All 24 EAMs were reconstructed with success. Out of 24 EAMs, 12 were reconstructed using the semi-automatic procedure with the presets offered by the Zephyr software. In particular, all 5 EAMs (100%) derived from the Rhythmia system, 2 out of 10 (20%) EAMs extracted from the Ensite system (2 right atria) and all the 5 EAMs (100%) derived from Affera system were reconstructed using the “surface scan” and “high detail” selection. For the remaining 12 electrophysiological maps, the reconstruction approach using presets proved to be ineffective as the results were not satisfactory in three-dimensional reconstruction as the software was unable to position the cameras used for the images correctly, causing a geometric distortion of the subjects. Therefore, the scattered clouds of the remaining eight electrophysiological maps derived from the Ensite system and the four derived from the Carto were reconstructed by manual selection of the reconstruction parameters. Three reconstructions of the electrophysiological maps derived from the Ensite software presented deformations due to background integrations within the mesh (Figure 6). While one mesh derived from Carto showed geometric deformations (Figure 7). In order to solve the problem, two approaches were applied: one using Masquerade and the other using a video with two acquisition directions, (horizontal and then vertical). In both cases, the error present in the reconstructions was corrected (Figures 6, 7).

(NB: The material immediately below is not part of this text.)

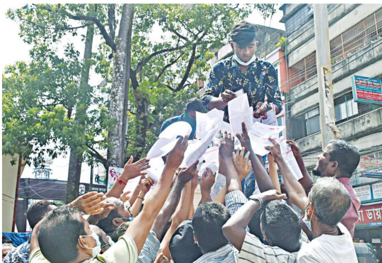
Scores of people surround an official of Barishal General Hospital, who is handing out tokens for the first dose of the Sinopharm vaccine. As only a 100 tokens were being handed out, people rushed to the hospital to collect theirs as soon as possible. The photo was taken yesterday.

Figure 6. Error visualization and correction with Ensite system. View of the reconstructed electroanatomic maps (EAMs), (B, D) and of the original EAM in source software (A, C). (A) Antero-posterior view of the original source software EAM. (B) Antero-posterior view. On the left the correct reconstruction using Masquerade and on the right the reconstruction without correction. (C) Postero-anterior view of the original source software EAM. (D) Postero-anterior view. On the left the correct reconstruction using Masquerade and on the right the reconstruction without correction.
Figure 7. Error visualization and correction with Carto system. View of the reconstructed electroanatomic maps (EAMs), (B, D) and of the original EAM in source software (A, C). (A) Antero-posterior view of the original source software EAM. (B) Antero-posterior view. On the left the reconstruction without correction and on the right the reconstruction performed with a two-direction video correction. (C) Postero-anterior view of the original source software EAM. (D) Postero-anterior view. On the left the reconstruction without correction and on the right the reconstruction performed with a two-direction video correction.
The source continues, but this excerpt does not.